The River Tweed Commission has published its 2017 Annual Report including catches for the season.
With an overall Salmon catch of 7,003 (8,221 in 2016), 2017’s catch was down by 15% on the previous season. 6,577 Salmon (7,680 in 2016) were caught by rod and line and 426 (541) by net; 83%, 5,487 fish, of the total rod catch was returned (85% in 2016).
Tweed continued to catch more Salmon than any other river in the UK although the downward catch trend continued, as it did elsewhere; this was not helped by the lack of angling effort on the river at times, which may have depressed the catch still further. The early months of Spring did not produce many fish but, for the first time on Tweed, the catches during the summer months of 1 June to 31 August (2,700) were practically equal to the autumn season of 1 September to 30 November (2,712). Fishing in September was better than last season with 1,159 caught (887, 2016), but the last two months of the season showed a 38% drop on 2016 (2,510 in 2016; 1,553 in 2017). The November catch in 2015 and 2016 was low but consistent (603, 2015; 609, 2016) but this season dropped to just 374. There was a large-scale collapse of Grilse across the whole of the UK.
There were many reports of earlier spawning, with fish in the Upper Tweed seen pairing up in October and, in some areas, September. In some instances that contributed to the lack of angling effort in the back end, with some fisheries closing earlier so as not to cast over spawning fish or redds.
Whilst angler reports of less fish in the river were widespread, that was not borne out by the results from The Tweed Foundation’s fish counter on the Gala Water – monitoring a summer stock – and which had recorded 1,100 fish moving upstream, indicating that egg deposition would be well in excess of requirements. The Tweed Foundation’s annual monitoring of the juvenile stocks also confirmed that the headwaters and smaller burns were stocked to capacity in 2017, a recovery from the extremely depressed results the previous year.

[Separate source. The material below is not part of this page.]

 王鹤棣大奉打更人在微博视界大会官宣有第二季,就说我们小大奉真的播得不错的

Lower and Middle Tweed catches continued to fall, with a marginal increase continuing on the upper river as in the previous two seasons. The tributaries caught few fish, and remained in line with the five-year average figures.
The 2017 Sea-trout catch was 2,594 (1,671 in 2016), of this 1,939 (1,280 in 2016) were caught by rod and line and 655 (391) by net; 62% (57% in 2016) of rod caught Sea-trout were returned. Following a poor year’s catch the previous season, 55% more Sea-trout were reported in 2017, which also represented an 12% increase on the 2015 figure (2,323).

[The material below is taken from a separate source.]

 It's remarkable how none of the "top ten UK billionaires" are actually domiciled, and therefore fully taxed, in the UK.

Brown trout catches were variable, with no overall trend in the 2017 season, although all catch rates were within the usual range recorded by the Tweed Trout & Grayling Initiative over the last 12 years. The Upper Tweed catch returns showed average catches for 25cms+ Brown trout, lower for smaller sizes, but with catches of larger trout (40cms +) well above the average. The general view from the Lower and Middle Tweed was that it had been a poor season, although this was not entirely supported by the data gathered: analysis of the Middle Tweed returns for the season showed that catches of +25cms Brown trout were fractionally above average. The Lower Tweed catches were a little below average, but still notably higher than three recent years. Whilst many anglers commented on the poor fishing conditions in the first half of the season (when the best catches are usually expected), the returns suggested that on the few occasions when conditions were favourable, some good catches were made.
The RTC Annual Report 2017 includes the Chairman’s Report and further information about the Commission’s work during the year, together with catch and trend graphs.